What is needed:
Starting with the line with "Zawieszka srebrna z" in the entries below and going on through the line with "Virágos F betűs", output every line exactly and nothing more. No pictures.

Available records:
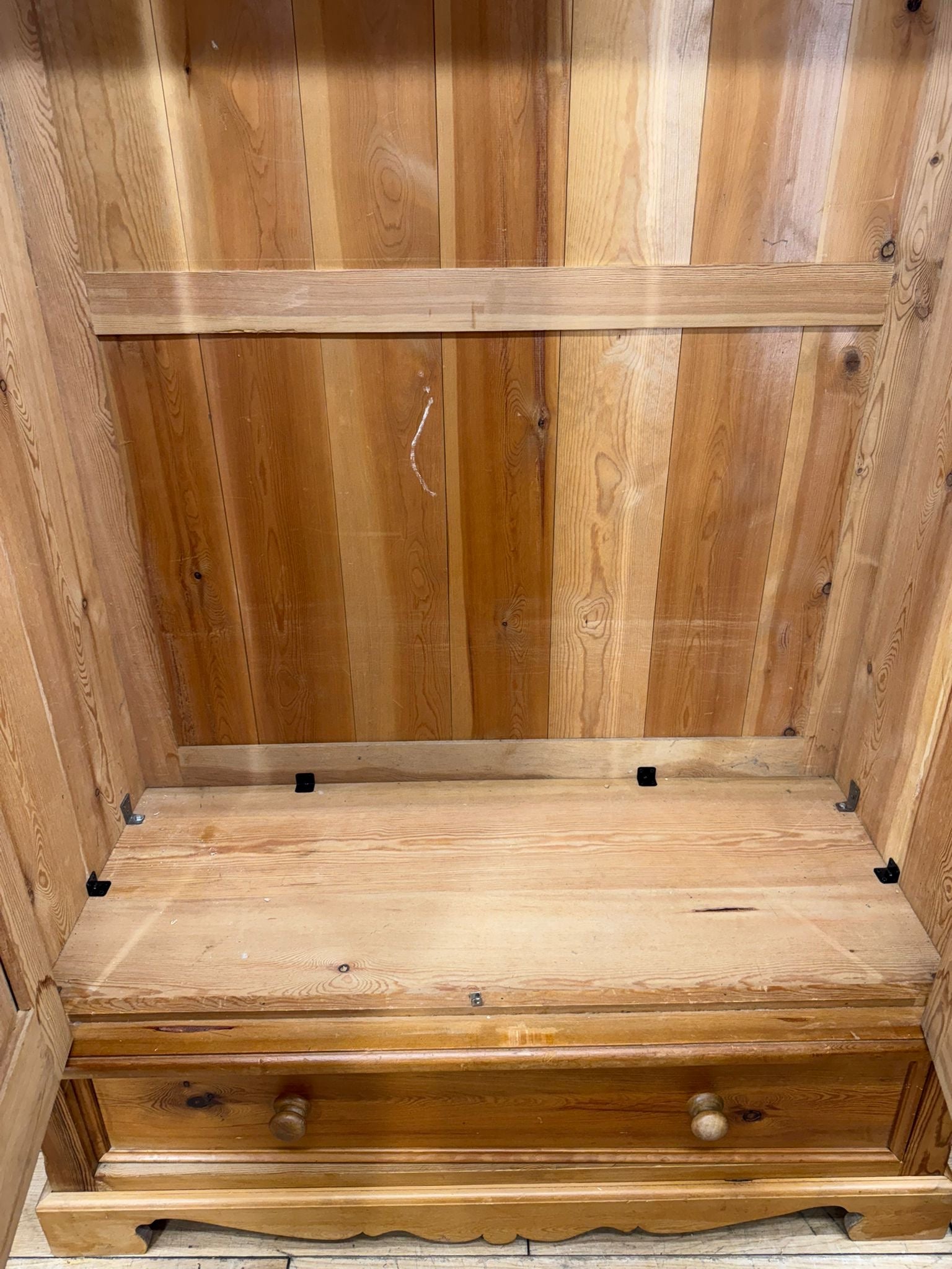 Constructed in solid pine throughout, the interior is fitted with a hanging rail, offering practical storage for everyday use. The natural pine finish shows attractive grain and colour, making this a versatile and easy-to-place piece.
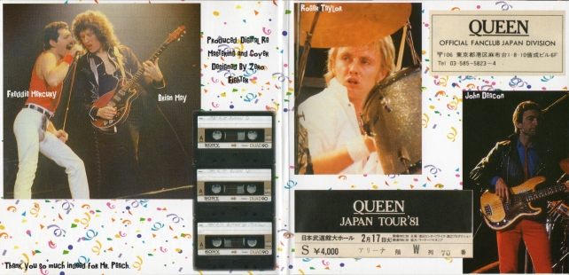 The fast version of We Will Rock You once again begins the show. The band have dropped Jailhouse Rock, probably because they found it wasn't an effective opener in Japan. They would play the Elvis classic a few more times in 1981, retiring it from the opening slot in October. The band have revived Teo Torriatte for the last couple shows at the Budokan. They only play half a verse and three choruses (one in English and two in Japanese). The complete song would only be performed twice in 1982. |
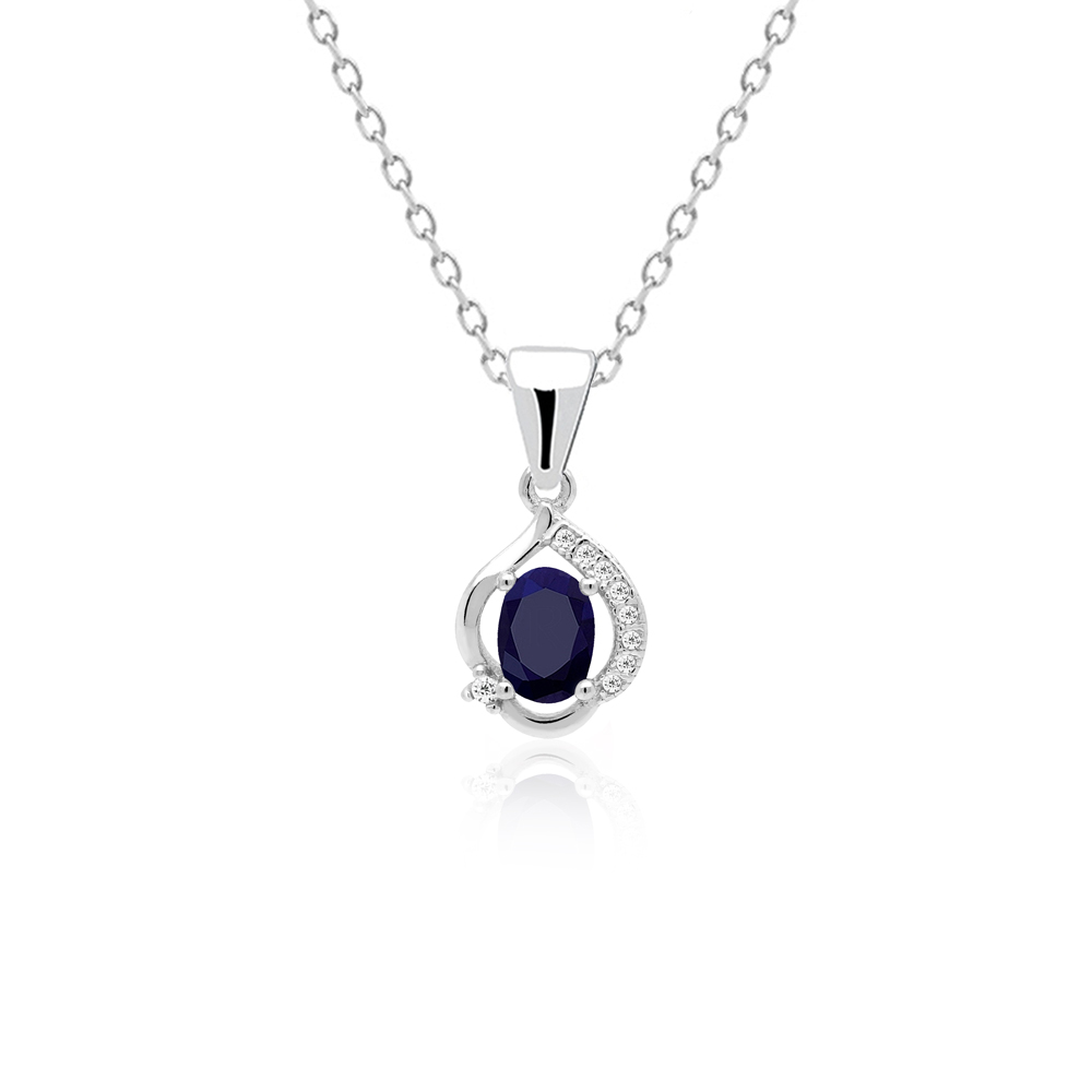 Zawieszka srebrna z szafirem w subtelnej oprawie wykonana z najwyższej próby srebra 925 – bez niklu, nie uczula. Biżuteria dodatkowo pokryta 3 warstwami szlachetnego rodu. Długość zawieszki: 19mm. Zawieszka ozdobiona naturalnym szafirem o szlifie owalnym o wielkości 5x7mm oraz cyrkoniami. Wyrób jubilerski wysokiej jakości wykonany przez mistrzów jubilerstwa z ogromną precyzją oraz dbałością o detale
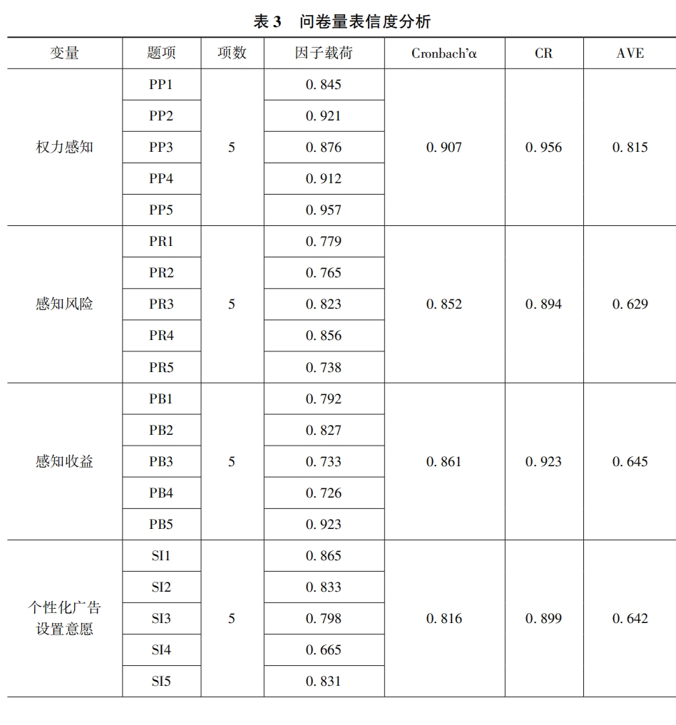 如表3所示,本问卷的Cronbach'α均在0.8以上,高于0.7的信度良好标准,同时权力感知、感知风险、感知收益、个性化广告设置意愿、认知水平各个潜在变量因子与其测量项之间的标准化因子载荷均大于0.7,各个潜在变量因子的平均方差萃取AVE值均大于0.5,组合信度CR值均大于0.8,说明每个测量题项能够很好地测量所对应的变量,问卷整体聚敛效度理想,数据可用于进一步假设检验。
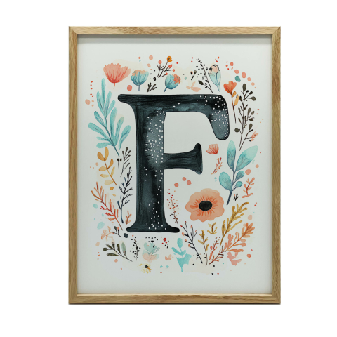 Virágos F betűs falikép fa keretben - 50x70 cm Ez a gyönyörű falikép tökéletes választás, ha egyedi és stílusos dekorációt keres otthonába. A kézzel készített, 230 gsm-es matt papírra nyomtatott kép egy nagy F betűt ábrázol, melyet színes virágok ves...
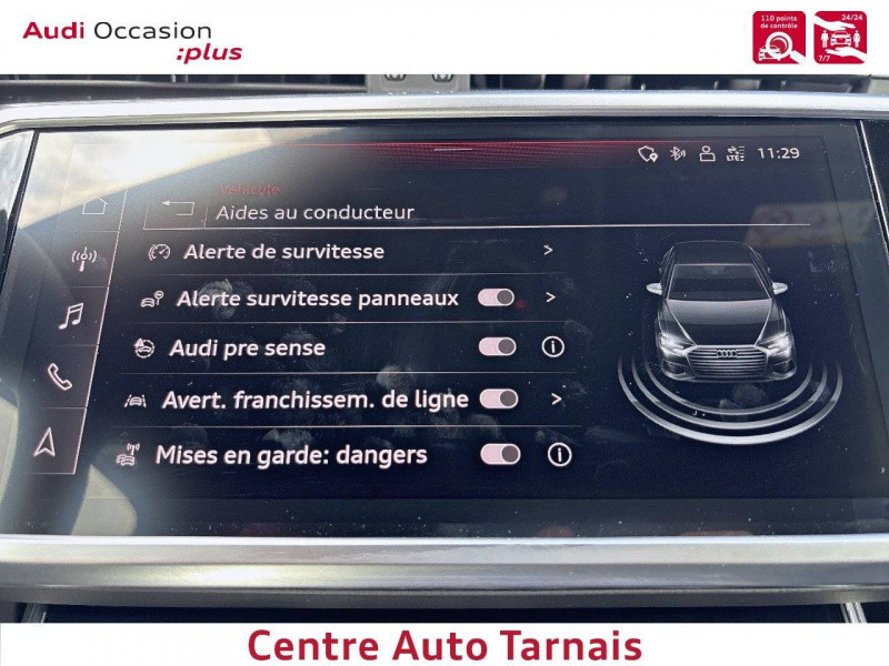 Applications décoratives en aluminium brossé mat foncé / Audi Virtual Cockpit / Capot de coffre à ouverture automatique (fermeture manuelle) / Feux AR à LED avec feux de recul et feux AR de brouillard intégrés / Interface Bluetooth Connexion des téléphones portables compatibles Bluetooth via l'interface véhicule, fonction mains libres dans le véhicule via microphone de plafond et HP, possibilité de connexion de 2 téléphones (2 × HFP/PBAP), streaming audio Bluetooth (A2DP), affichage des SMS/e-mails (MAP) entrants, commande via les systèmes d'autoradio/navigation, du volant multifonction ou via la commande vocale / Jantes en aluminium coulé style 5 branches doubles, gris contrasté, partiellement polies, 8,5Jx19" Pneus : 245/45 R19 / Moulures de seuil avec insert en aluminium AV/AR, éclairées, avec inscription "S" à l'AV / Navigation MMI plus avec MMI touch response / Pack Eclairage intérieur à LED - En plus de l'éclairage intérieur de série: - Éclairage des seuils de portières AR - Éclairage d'ambiance du tissu des portières AV/AR - Éclairage périphérique dans les poignées de portières extérieures AV/AR - Éclairage d'ambiance du tableau de bord / Pack extérieur Brillance - Baguette sur les appuis de vitre en aluminium anodisé - Revêtement Noir brillant sur les montants de pavillon centraux - Baguette des feux AR en chrome / Pack Extérieur S line - Pare-chocs S AV et AR avec inserts S line (structure alvéolée) - Grilles d'entrée d'air latérales spécifiques en Noir titane mat avec insert en gris platine - Calandre en Noir titane mat avec lamelles en argent aluminium mat - Extensions de bas de caisse / baguettes de portières spécifiques S, laquées dans la couleur de carrosserie - Emblème "S line" sur les ailes AV - Diffuseur spécifique S line et grille en Noir titane mat - Finition des sorties d'échappement en argent aluminium mat / Pack Non fumeur - Une prise 12 volts AV et AR / Pack Rangement - 2 porte-boissons dans l'accoudoir central AR - Filet de coffre à fixer aux oeilletons de fixation sur le plancher du coffre - 2 autres vestes de sécurité pour les passagers AR / Préparation pour crochet d'attelage / Rétroviseur intérieur jour/nuit automatique sans encadrement (Frameless) / Rétroviseurs extérieurs réglables, dégivrants et rabattables électriquement avec fonction rabat automatique pour le rétroviseur côté passager AV lors des manoeuvres, clignotants à LED intégrés / Touches de commande façon verre en Noir avec réponse haptique incluant style aluminium étendu / Volant Sport contour en cuir avec multifonction, palettes de changement de vitesse et méplat / Airbags latéraux à l'AV et système d'airbags de tête / Appel d'urgence et service Audi connect incluant commande de véhicule / Appui lombaire à 4 axes pour les sièges AV, réglage électrique, horizontal et vertical / Appuie-tête à AV pour sièges AV réglables manuellement en hauteur / Assistant de feux de route / Audi Connect avec carte SIM intégrée (e-SIM) et licence d'utilisation pour 3 ans / Audi Drive Select Permet de sélectionner différents modes de conduite: Efficiency, Confort, Dynamic, Lift, Individual. Les systèmes et équipements du véhicules s'adaptent suivant le mode sélectionné / Audi Music Interface à l'AV et l'AR / Audi Parking System Plus / Audi Pre Sense Basic / Audi Pre Sense front / Audi smartphone interface / Badges extérieurs avec identification du modèle et inscription de la puissance/technologie / Boîtiers de rétroviseurs extérieurs couleur carrosserie / Buses de lave-glace degivrantes / Caméra multifonction pour système d'assistance à la conduite / Ciel de pavillon en tissu noir / Cléà fréquence radio (sans safelock) / Commande de désactivation de l'airbag passager AV / Câble de recharge pour téléphone portable / Eclairage intérieur / Ecrous de roues antivol et indicateur de desserrage d'écrous / Eléments de l'habitacle supérieurs en matériaux synthétiques Tableau de bord et rebords de portières en matériaux synthétiques / Fixation pour sièges enfants ISOFIX et Top Tether pour les places AR extérieures / Outillage de bord et cric / Pare-brise en verre de sécurité feuilleté athermique / Pédalier et repose-pieds en acier inoxydable / Rampes de pavillon anodisées / Régulateur de vitesse incluant limiteur de vitesse / Réservoir AdBlue à capacitéétendue (24 litres) / Set de réparation pour pneus / Système audiophonique Audi / Tableau de bord et revêtement de porte en deux pièces et une/plusieurs couleurs / Tapis complémentaires avec double passepoil / Technologie hybride léger - Mild-Hybrid / Tissu Effet pour sièges standards à l'AV / Trousse de secours, triangle de présignalisation et veste de sécurité / Vitres athermiques sur les côtés et à l'AR lunette AR dégivrante, avec minuterie

Answer section:
 Zawieszka srebrna z szafirem w subtelnej oprawie wykonana z najwyższej próby srebra 925 – bez niklu, nie uczula. Biżuteria dodatkowo pokryta 3 warstwami szlachetnego rodu. Długość zawieszki: 19mm. Zawieszka ozdobiona naturalnym szafirem o szlifie owalnym o wielkości 5x7mm oraz cyrkoniami. Wyrób jubilerski wysokiej jakości wykonany przez mistrzów jubilerstwa z ogromną precyzją oraz dbałością o detale
 如表3所示,本问卷的Cronbach'α均在0.8以上,高于0.7的信度良好标准,同时权力感知、感知风险、感知收益、个性化广告设置意愿、认知水平各个潜在变量因子与其测量项之间的标准化因子载荷均大于0.7,各个潜在变量因子的平均方差萃取AVE值均大于0.5,组合信度CR值均大于0.8,说明每个测量题项能够很好地测量所对应的变量,问卷整体聚敛效度理想,数据可用于进一步假设检验。
 Virágos F betűs falikép fa keretben - 50x70 cm Ez a gyönyörű falikép tökéletes választás, ha egyedi és stílusos dekorációt keres otthonába. A kézzel készített, 230 gsm-es matt papírra nyomtatott kép egy nagy F betűt ábrázol, melyet színes virágok ves...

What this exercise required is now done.